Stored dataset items
******

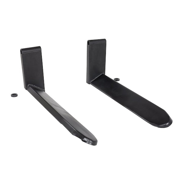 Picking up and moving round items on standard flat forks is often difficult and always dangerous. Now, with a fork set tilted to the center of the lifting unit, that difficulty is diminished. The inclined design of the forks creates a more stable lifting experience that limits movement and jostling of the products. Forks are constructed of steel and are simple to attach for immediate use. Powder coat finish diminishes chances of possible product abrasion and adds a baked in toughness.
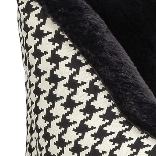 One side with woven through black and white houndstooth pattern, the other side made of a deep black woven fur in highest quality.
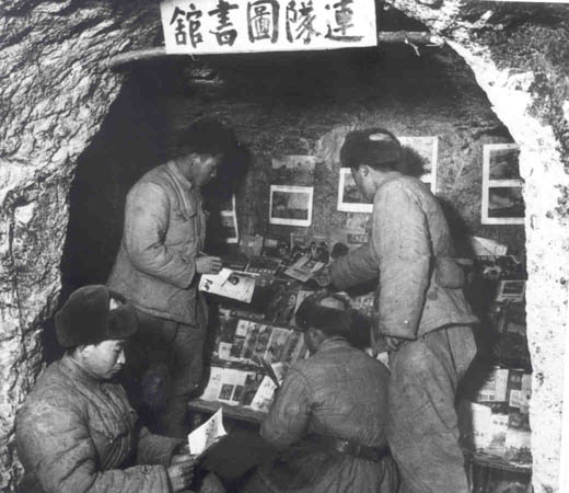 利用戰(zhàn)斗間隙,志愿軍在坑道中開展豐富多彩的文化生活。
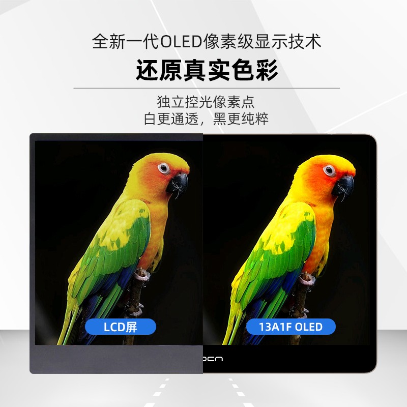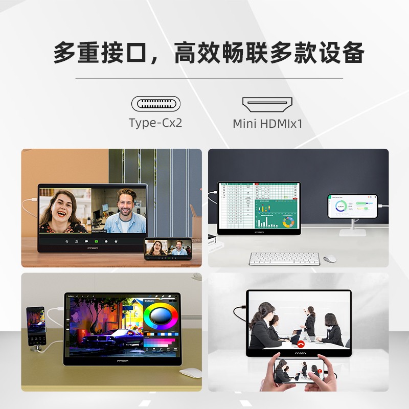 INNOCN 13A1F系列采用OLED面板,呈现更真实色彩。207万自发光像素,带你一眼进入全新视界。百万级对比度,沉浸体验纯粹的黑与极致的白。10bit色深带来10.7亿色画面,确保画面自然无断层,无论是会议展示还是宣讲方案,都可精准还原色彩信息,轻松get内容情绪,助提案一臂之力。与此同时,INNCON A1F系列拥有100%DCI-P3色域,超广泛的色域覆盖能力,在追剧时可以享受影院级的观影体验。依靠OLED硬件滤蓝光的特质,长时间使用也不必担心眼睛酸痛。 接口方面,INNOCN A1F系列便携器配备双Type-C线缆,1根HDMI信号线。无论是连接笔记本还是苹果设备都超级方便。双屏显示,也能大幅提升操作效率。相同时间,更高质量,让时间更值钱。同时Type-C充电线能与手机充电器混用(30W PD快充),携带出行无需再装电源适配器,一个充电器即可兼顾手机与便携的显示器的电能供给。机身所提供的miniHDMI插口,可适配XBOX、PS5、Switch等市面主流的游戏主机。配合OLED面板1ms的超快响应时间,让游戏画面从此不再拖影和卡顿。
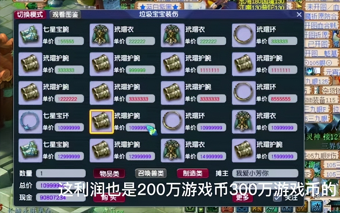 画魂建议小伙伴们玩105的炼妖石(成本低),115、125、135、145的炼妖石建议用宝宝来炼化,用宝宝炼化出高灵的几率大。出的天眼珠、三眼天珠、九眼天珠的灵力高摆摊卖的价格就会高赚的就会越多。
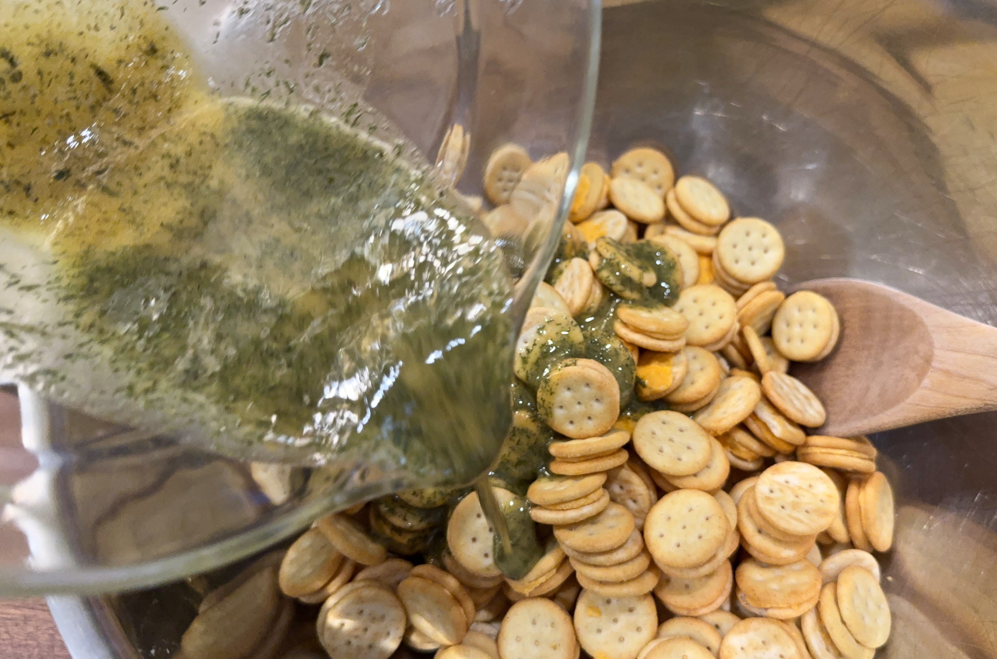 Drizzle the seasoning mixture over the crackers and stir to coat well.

******

What you should do: Give back exactly, and solely, the section of the data above bounded by the line containing "利用戰(zhàn)斗間隙,志愿軍在坑道中開展豐富多彩的文化生活。" and the line containing "画魂建议小伙伴们玩105的炼", both bounding lines included and pictures omitted.

Solution:
 利用戰(zhàn)斗間隙,志愿軍在坑道中開展豐富多彩的文化生活。
 INNOCN 13A1F系列采用OLED面板,呈现更真实色彩。207万自发光像素,带你一眼进入全新视界。百万级对比度,沉浸体验纯粹的黑与极致的白。10bit色深带来10.7亿色画面,确保画面自然无断层,无论是会议展示还是宣讲方案,都可精准还原色彩信息,轻松get内容情绪,助提案一臂之力。与此同时,INNCON A1F系列拥有100%DCI-P3色域,超广泛的色域覆盖能力,在追剧时可以享受影院级的观影体验。依靠OLED硬件滤蓝光的特质,长时间使用也不必担心眼睛酸痛。 接口方面,INNOCN A1F系列便携器配备双Type-C线缆,1根HDMI信号线。无论是连接笔记本还是苹果设备都超级方便。双屏显示,也能大幅提升操作效率。相同时间,更高质量,让时间更值钱。同时Type-C充电线能与手机充电器混用(30W PD快充),携带出行无需再装电源适配器,一个充电器即可兼顾手机与便携的显示器的电能供给。机身所提供的miniHDMI插口,可适配XBOX、PS5、Switch等市面主流的游戏主机。配合OLED面板1ms的超快响应时间,让游戏画面从此不再拖影和卡顿。
 画魂建议小伙伴们玩105的炼妖石(成本低),115、125、135、145的炼妖石建议用宝宝来炼化,用宝宝炼化出高灵的几率大。出的天眼珠、三眼天珠、九眼天珠的灵力高摆摊卖的价格就会高赚的就会越多。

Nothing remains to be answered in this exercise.